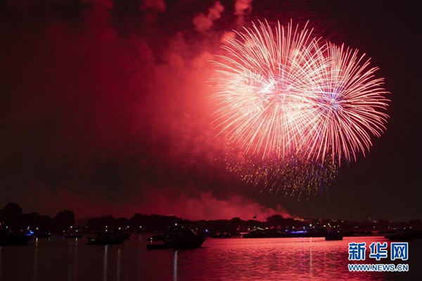 7月4日,焰火在美國(guó)華盛頓上空綻放,慶祝美國(guó)獨(dú)立日。新華社記者 劉杰 攝
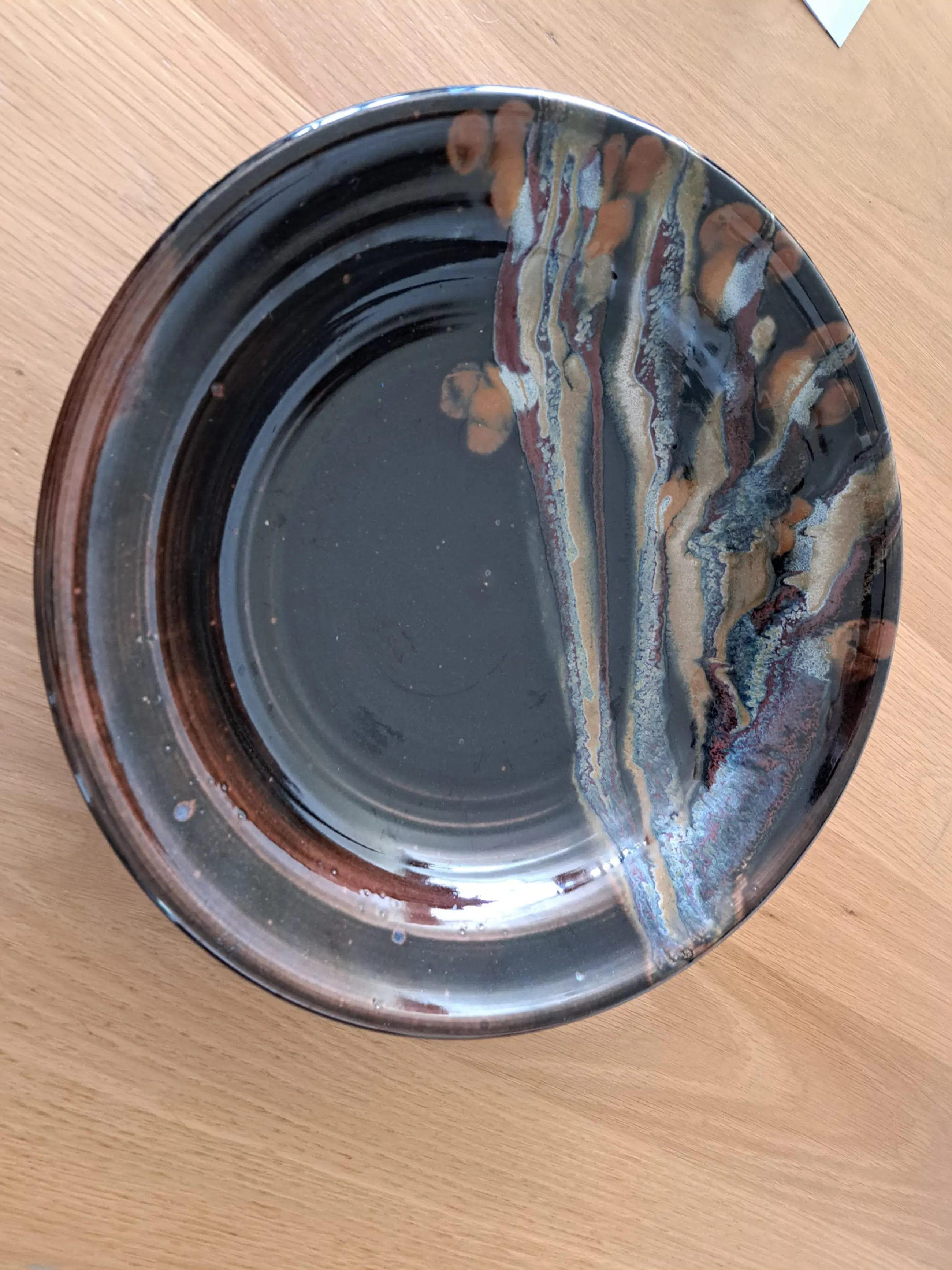 Schöne dekorative und/oder funktionale Schale von Leo Martens. Schöne Farben, unbeschädigt. Auf der Unterseite vom Künstler signiert.
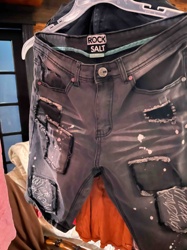 Rock Salt Distressed Patch Denim Shorts
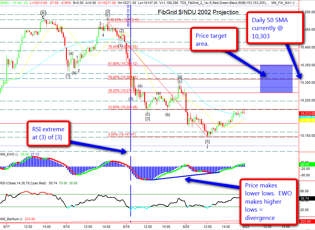 If price does complete the MAP pattern it would coincide with a reasonable target for the end of the wave ii that we are expecting from our Elliott Wave analysis. It is possible that wave ii at friday’s highs which would be near a 23.6% retracement level. This is a Fibonacci target, but a rare, shallow one. A 38.2% to 61.8% retrace would be more common. Within this range we also see the daily 50 SMA at 10.303 and FibGrid skyline at 10,287. Even more important than the levels is to spot a completed corrective wave structure. Levels will just serve to reinforce the likelihood of a complete wave ii if we can count the move complete at a predicted level. That’s exactly what we’ll be looking for during the early part of the week.
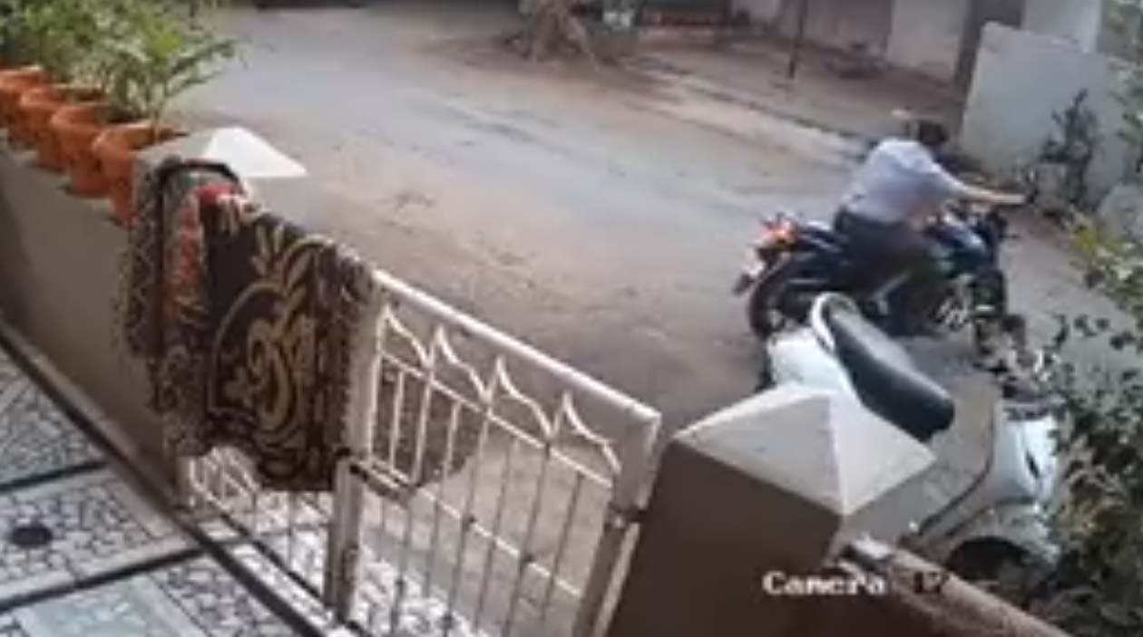 Não dá pra dizer que foi a moto que causou esse estrago todo, mas é muito suspeito que tenha acontecido na mesma hora.
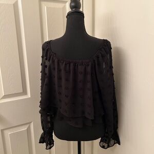 Altar'd State Black Cropped Long Sleeve Blouse With Textured Polka Dots Size Large. Excellent pre-loved condition! I am happy to provide additional photos or measurements upon request.
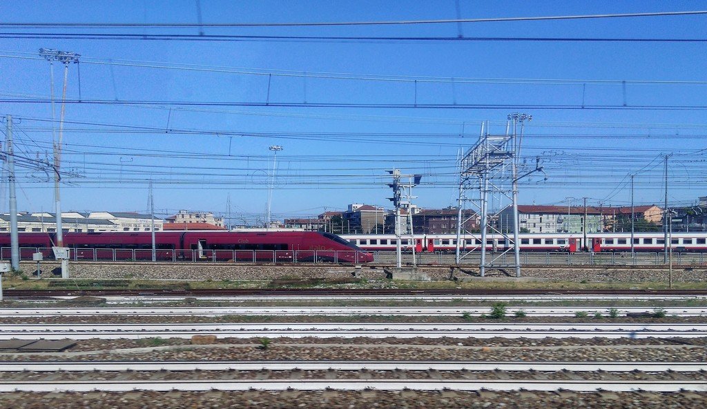 La sosta a Milano Centrale dura circa 10 minuti, durante i quali viene eseguito anche il cambio di banco. La stazione di Milano Centrale, infatti, è una stazione di testa, è quindi necessaria l'inversione del senso di marcia del treno per proseguire verso Torino. Ripartiamo alle ore 16:55, quindi ci dirigiamo verso Milano Certosa e Rho Fiera, dopo la quale ci immettiamo sulla linea ad alta velocità per Torino. La linea veloce, dopo la stazione di Rho Fiera, piega a sinistra verso l'autostrada A4, si accosta alla stessa e prosegue verso Novara, mentre la ferrovia storica corre più a nord e tocca le stazioni di Rho, Magenta e Trecate. Appena immessi sulla linea ad alta velocità il treno accelera e raggiunge velocità prossime ai 300 km/h, che manteniamo lungo tutta la tratta. Il percorso della ferrovia, similmente a tutte le altre linee ad alta velocità, si accosta ai percorsi autostradali, al fine di ridurre al minimo l'impatto ambientale.
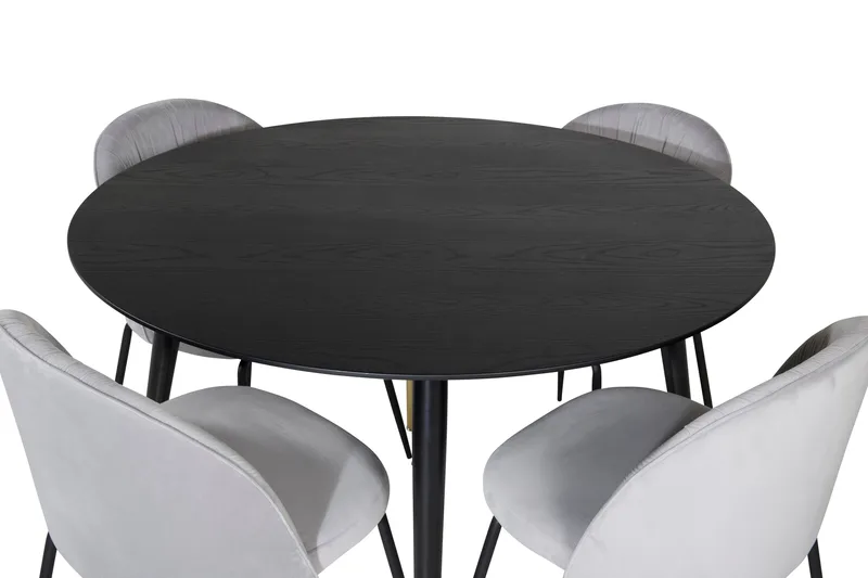 Venture Home Ruokailuryhmä Dipp 115 cm Pyöreä 4 Wrinkles Tuolia Musta/Kulta
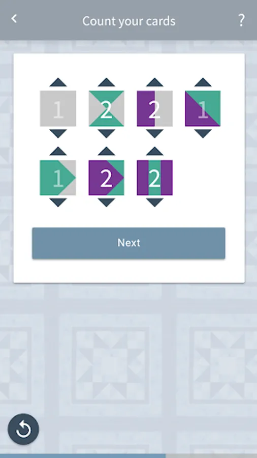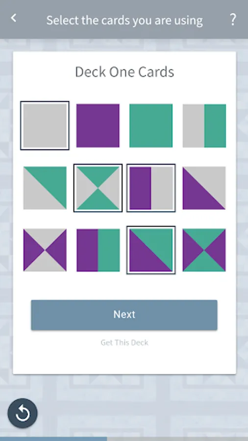 Next, you are going to want to put together the cards from your design together and select them on the app by tapping on the cards you used for your design. We will prompt you for all three decks until you have inputted all your cards. After having inputted the cards, you will then want to count how many of the same cards you have selected and enter the number of the blocks you will be creating. Once you input this information you will be able to move forward.
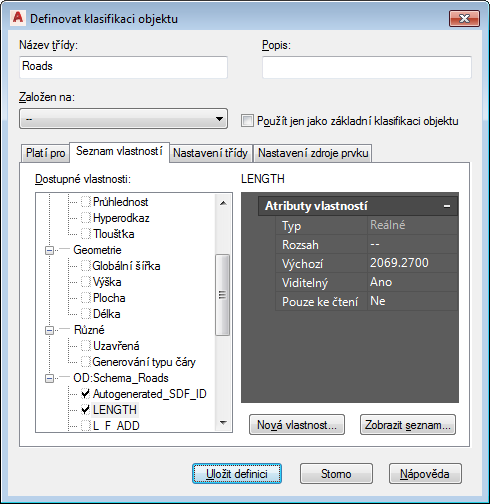 Chcete-li například změnit hladinu, typ čáry nebo barvu pro všechny členy třídy Cesty jako skupiny, vyberte tyto vlastnosti. Podle potřeby je možné nastavit výchozí hodnoty. Například všechny členy třídy Cesty můžete přiřadit k hladině Cesty.
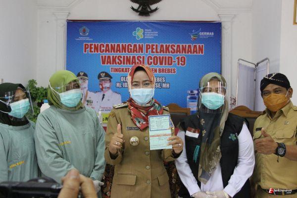Kepala Dinas Kesehatan Kabupaten Brebes dr. Sartono menjelaskan, dalam rangka pencanangan dihadirkan 11 orang prjabat publik dan perwakilan masyarakat untuk vaksinasi. Namun yang berhasil divaksin hanya empat orang. Yakni Bupati Brebes Hj Idza Priyanti SE MH, Wakil Bupati Brebes Narjo, Wakil Ketua DPRD Brebes Moh Rizky Ubaidillah, dan perwakilan PCNU Brebes H Ahmad Sururi.

◆ WORK REQUIRED: Copy the records exactly, minus any pictures.

◆ EXERCISE OUTPUT:
 7月4日,焰火在美國(guó)華盛頓上空綻放,慶祝美國(guó)獨(dú)立日。新華社記者 劉杰 攝
 Schöne dekorative und/oder funktionale Schale von Leo Martens. Schöne Farben, unbeschädigt. Auf der Unterseite vom Künstler signiert.
 Rock Salt Distressed Patch Denim Shorts
 If price does complete the MAP pattern it would coincide with a reasonable target for the end of the wave ii that we are expecting from our Elliott Wave analysis. It is possible that wave ii at friday’s highs which would be near a 23.6% retracement level. This is a Fibonacci target, but a rare, shallow one. A 38.2% to 61.8% retrace would be more common. Within this range we also see the daily 50 SMA at 10.303 and FibGrid skyline at 10,287. Even more important than the levels is to spot a completed corrective wave structure. Levels will just serve to reinforce the likelihood of a complete wave ii if we can count the move complete at a predicted level. That’s exactly what we’ll be looking for during the early part of the week.
 Não dá pra dizer que foi a moto que causou esse estrago todo, mas é muito suspeito que tenha acontecido na mesma hora.
 Altar'd State Black Cropped Long Sleeve Blouse With Textured Polka Dots Size Large. Excellent pre-loved condition! I am happy to provide additional photos or measurements upon request.
 La sosta a Milano Centrale dura circa 10 minuti, durante i quali viene eseguito anche il cambio di banco. La stazione di Milano Centrale, infatti, è una stazione di testa, è quindi necessaria l'inversione del senso di marcia del treno per proseguire verso Torino. Ripartiamo alle ore 16:55, quindi ci dirigiamo verso Milano Certosa e Rho Fiera, dopo la quale ci immettiamo sulla linea ad alta velocità per Torino. La linea veloce, dopo la stazione di Rho Fiera, piega a sinistra verso l'autostrada A4, si accosta alla stessa e prosegue verso Novara, mentre la ferrovia storica corre più a nord e tocca le stazioni di Rho, Magenta e Trecate. Appena immessi sulla linea ad alta velocità il treno accelera e raggiunge velocità prossime ai 300 km/h, che manteniamo lungo tutta la tratta. Il percorso della ferrovia, similmente a tutte le altre linee ad alta velocità, si accosta ai percorsi autostradali, al fine di ridurre al minimo l'impatto ambientale.
 Venture Home Ruokailuryhmä Dipp 115 cm Pyöreä 4 Wrinkles Tuolia Musta/Kulta
 Next, you are going to want to put together the cards from your design together and select them on the app by tapping on the cards you used for your design. We will prompt you for all three decks until you have inputted all your cards. After having inputted the cards, you will then want to count how many of the same cards you have selected and enter the number of the blocks you will be creating. Once you input this information you will be able to move forward.
 Chcete-li například změnit hladinu, typ čáry nebo barvu pro všechny členy třídy Cesty jako skupiny, vyberte tyto vlastnosti. Podle potřeby je možné nastavit výchozí hodnoty. Například všechny členy třídy Cesty můžete přiřadit k hladině Cesty.
Kepala Dinas Kesehatan Kabupaten Brebes dr. Sartono menjelaskan, dalam rangka pencanangan dihadirkan 11 orang prjabat publik dan perwakilan masyarakat untuk vaksinasi. Namun yang berhasil divaksin hanya empat orang. Yakni Bupati Brebes Hj Idza Priyanti SE MH, Wakil Bupati Brebes Narjo, Wakil Ketua DPRD Brebes Moh Rizky Ubaidillah, dan perwakilan PCNU Brebes H Ahmad Sururi.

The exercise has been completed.